Static code analysis and formal methods for PLC software

Does it make sense to apply static code analysis and formal methods to PLC software written in domain specific languages such as IEC61131-3?
Is this common in the industry? What is your experience?
My many years experience of different industries is - it generally depends on the industry and commercial limitations. Most customers just want a working system regardless of domain languages or any other specific limitation of the hardware. Any bugs were generally your problem.

Certain large organisations want every stage in Software Design documented; good example being the Nuclear Industry. They triple check every stage - factory test used to be long and drawn out. But then you just couldn’t go to site and commission systems.

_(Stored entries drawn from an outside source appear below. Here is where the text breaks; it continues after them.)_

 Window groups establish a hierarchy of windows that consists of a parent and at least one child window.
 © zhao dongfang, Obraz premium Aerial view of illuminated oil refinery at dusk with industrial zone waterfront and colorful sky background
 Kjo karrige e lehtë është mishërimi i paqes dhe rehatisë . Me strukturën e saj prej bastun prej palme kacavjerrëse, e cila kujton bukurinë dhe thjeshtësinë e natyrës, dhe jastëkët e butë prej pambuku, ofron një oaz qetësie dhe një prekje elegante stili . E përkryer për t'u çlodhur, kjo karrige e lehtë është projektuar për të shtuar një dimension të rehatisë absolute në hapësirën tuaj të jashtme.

Thank you for your answer. It sounds reasonable that the customer wants to have a working system with no additional cost and no time required for verification.

I also encountered this situation while I was working in the embedded area on software written in C. When the customer requires additional safety guaranties (like SIL certification), this adds requirements to our development process, including static analysis and verification routines in accordance with a safety standard such as IEC61580.

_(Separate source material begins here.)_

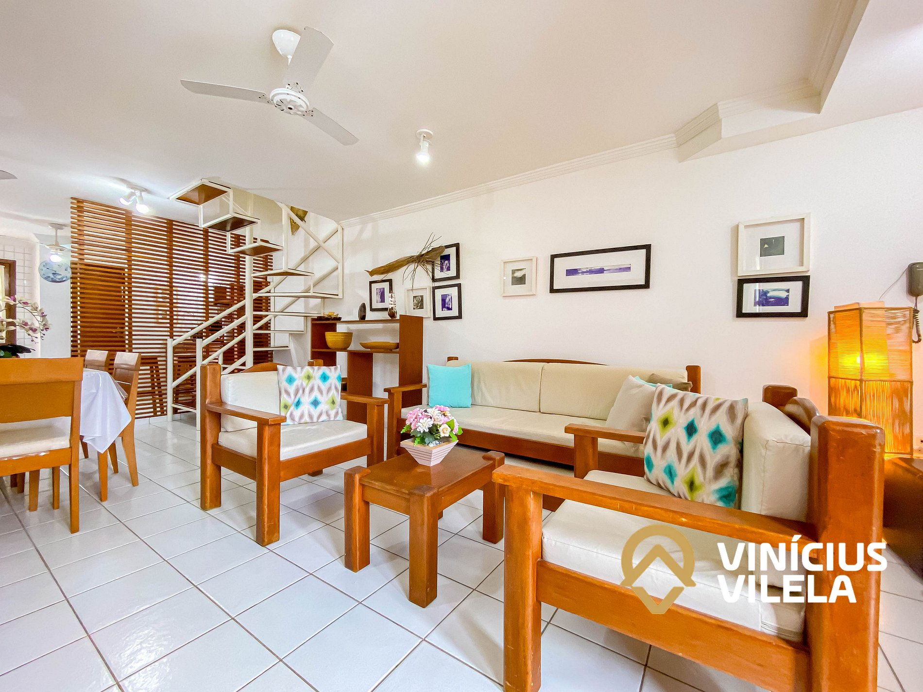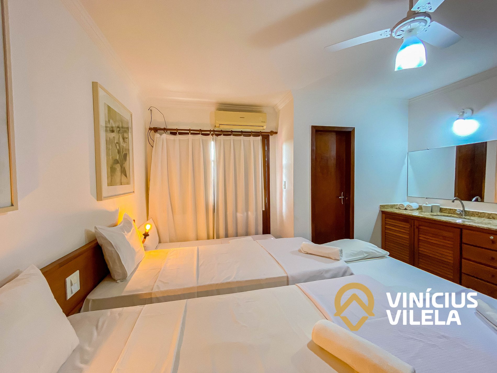 As 2 suítes no pavimento superior possui ar condicionado, ventilador de teto,

I understand that this is necessary for low-level languages like C, C++ or Ada. These languages potentially have an opportunity to make a bug with memory access or something like this.

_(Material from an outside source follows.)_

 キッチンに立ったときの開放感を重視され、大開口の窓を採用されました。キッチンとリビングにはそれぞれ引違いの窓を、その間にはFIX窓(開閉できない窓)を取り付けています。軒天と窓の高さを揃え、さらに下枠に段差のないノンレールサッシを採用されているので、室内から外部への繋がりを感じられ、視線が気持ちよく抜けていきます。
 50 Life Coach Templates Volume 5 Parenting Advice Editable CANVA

But I've never heard of using the same analysis/verification routines for PLC software written in high-level "safe" domain specific languages. The source code written on these languages can also contains errors in the memory (for example, in direct variables access), or just contains silly mistakes, added due to inattention of the developer. What's strange is the standards that describe these languages, does not contains any information about the need for analysis/verification.

So, I developed a tool for static code analysis of IEC61131-3 programs, which supports PLCOpen standard guidelines and a very simple abstract interpretation engine based on z3. We use it in our work projects, and it's fine. But I wonder if my utility could be useful to anyone else outside of my company, what kind of functionallity they will need. Or should I just give it to my employer, because it seems that nobody else use the analysis of PLC.